This work was funded in part by National Institute of Health grants AA09379 and GM57672 (to K.K.K.) and National Science Foundation grant BCS-9912-28 (to J.R.K.). We thank reviewers for their helpful comments for our revision of the manuscript, and we thank Roy Capper, Andrew R. Dyer, and Valeria Ruggeri for their excellent technical help. We also acknowledge and thank the following people who helped assemble the samples from the diverse populations: F. L. Black, L. L. Cavalli-Sforza, K. Dumars, J. Friedlaender, K. Kendler, W. Knowler, F. Oronsaye, J. Parnas, L. Peltonen, L. O. Schulz, D. Upson, E. L. Grigorenko, S. L. B. Kajuna, N. J. Karoma, J. J. Kim, S. Kungulilo, R. B. Lu, A. Odunsi, F. Okonofua, O. V. Zhukova, and K. Weiss. In addition, some of the cell lines were obtained from the National Laboratory for the Genetics of Israeli Populations at Tel Aviv University, and the AAM samples were obtained from the Coriell Institute for Medical Research. Special thanks are due to the many hundreds of individuals who volunteered to give blood samples for studies such as this.
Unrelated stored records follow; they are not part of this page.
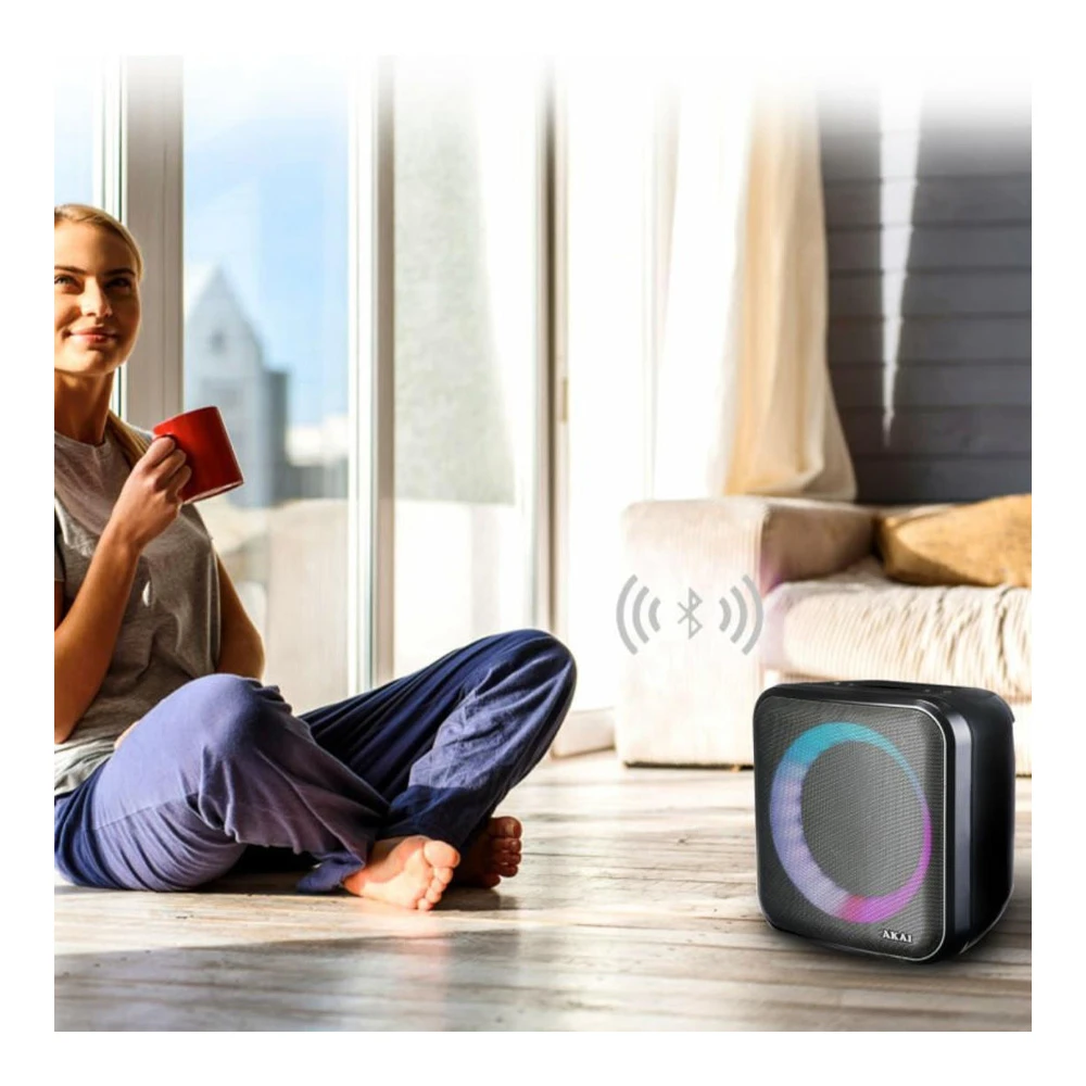 Puterea RMS de 20 W asigura un sunet clar si puternic, cu frecvente inalte bine definite si bass profund. Sistemul audio Akai ABTS-S6 poate fi utilizat atat in interior, cat si in aer liber – la picnic, in excursii sau la cabana. Carcasa compacta si designul practic faciliteaza transportul, iar iluminarea LED integrata creeaza o atmosfera dinamica si accentueaza ritmul muzicii.
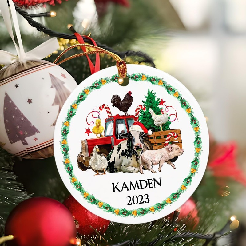 ♡ Farm Lover Ornament Gift, Customized Farmer Christmas 2024 Keepsake Ornament With Name, Farmer Keepsake Present For Xmas 2024, Animals In Farm Christmas Ornament, Custom Farmer Gift With Name & Year
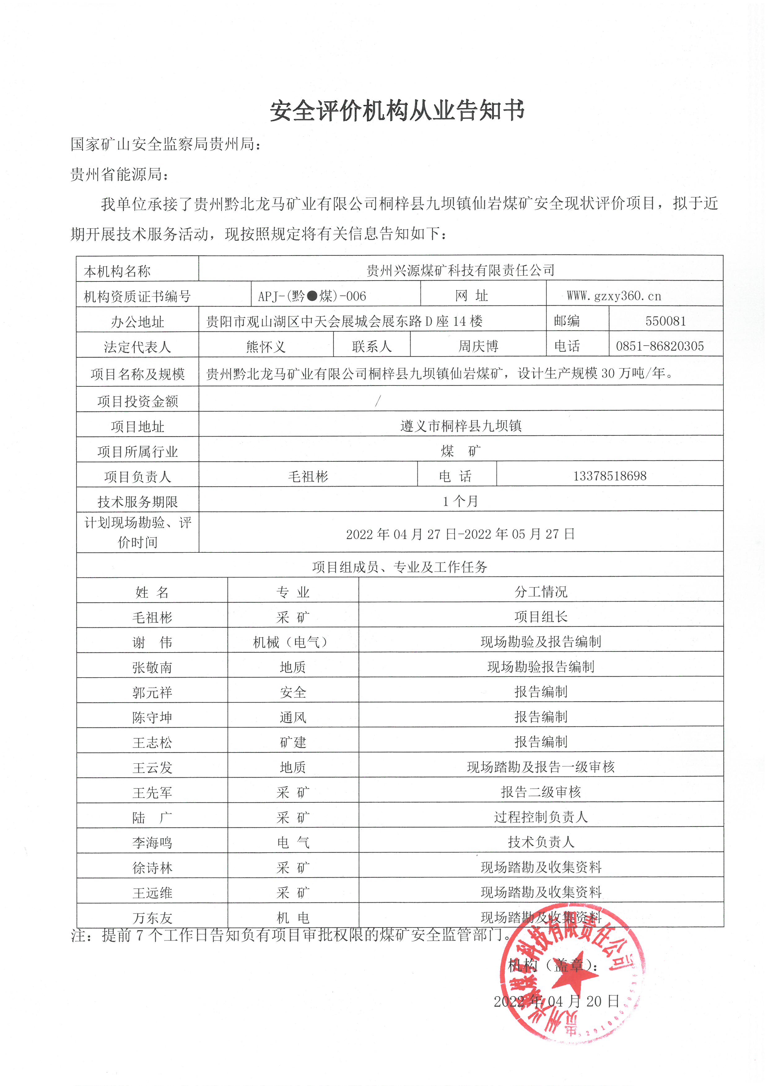 安全評價機構從業告知書(貴州黔北龍馬礦業有限公司桐梓縣九壩鎮仙巖煤礦安全現狀評價項目)
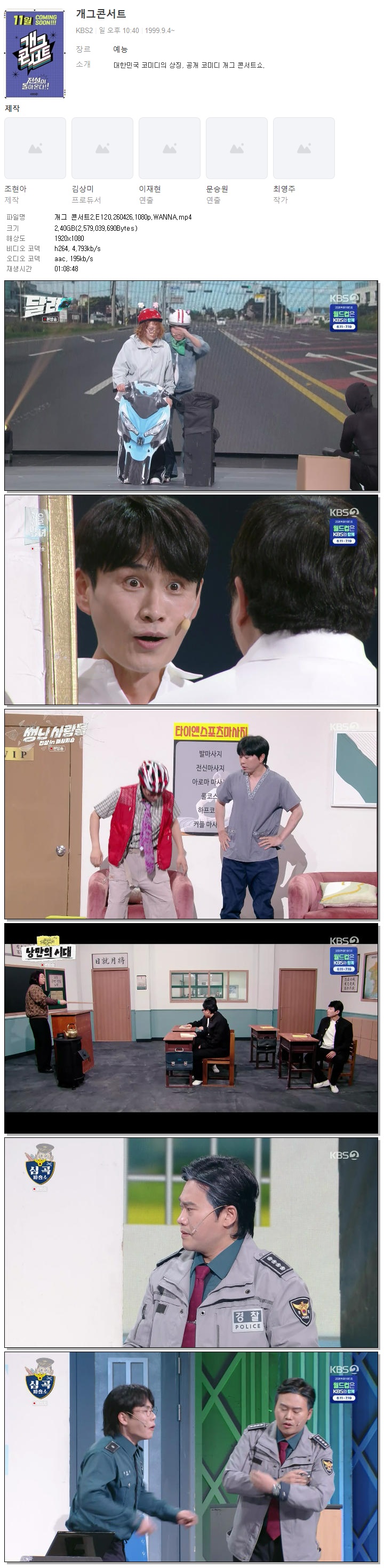 | [KBS2] 개그 콘서트2.E120.260426.1080p.WANNA[신윤승, 박성광].mp4 | 2.4 G | 01:08:48 | 1920x1080 |

Without such participation of individuals from diverse parts of the world, we would be unable to obtain a true picture of the genetic variation in our species.

Appendix A: Marker Typing and Ascertainment

The discovery and typing method for the ADH1C HaeIII site (SNP 26) was described elsewhere.²⁷ ADH1A AluI (SNP 43) was discovered by comparing the sequences of the contig we assembled with published sequences for ADH1A and then confirming that the observed nucleotide difference is a polymorphism by digestion of PCR products from our standard panel with restriction enzyme AluI. Typing primers were generated using flanking sequences from this contig. Our standard panel consists of 10 individuals: 1 Lisongo, 1 BIA, 1 Yoruba, 2 CHT, 1 Dane, 1 Russian, 1 ADY, 1 Cheyenne, and 1 PMA. The ADH1A BccI site (SNP 46) was discovered by resequencing ADH1A intron 8 with use of two primers (A1IN8UP1 and A1IN8DW2) for the 10 individuals in the standard panel. We designed the PCR primers (A1IN8UP1 and A1BccIDW) appropriate for the FP method.³⁹ The program mfold⁴⁰ predicted a secondary structure that would likely inhibit the primer-extension reaction. Therefore, we introduced an artificial mismatch in the downstream primer to disrupt the secondary structure. We designed detection primer A1BccITUP for the single-nucleotide base extension giving very tight homo- and heterozygote genotype clusters. Sequences of primers noted above are available from the authors. Most markers were typed by TaqMan with use of standard protocols. The TaqMan assay numbers are listed in table 1. Other markers were selected from dbSNP (the AB catalogue), to provide informative coverage across much of the upstream half of the cluster. These markers have diverse historical discoveries that are largely unknown.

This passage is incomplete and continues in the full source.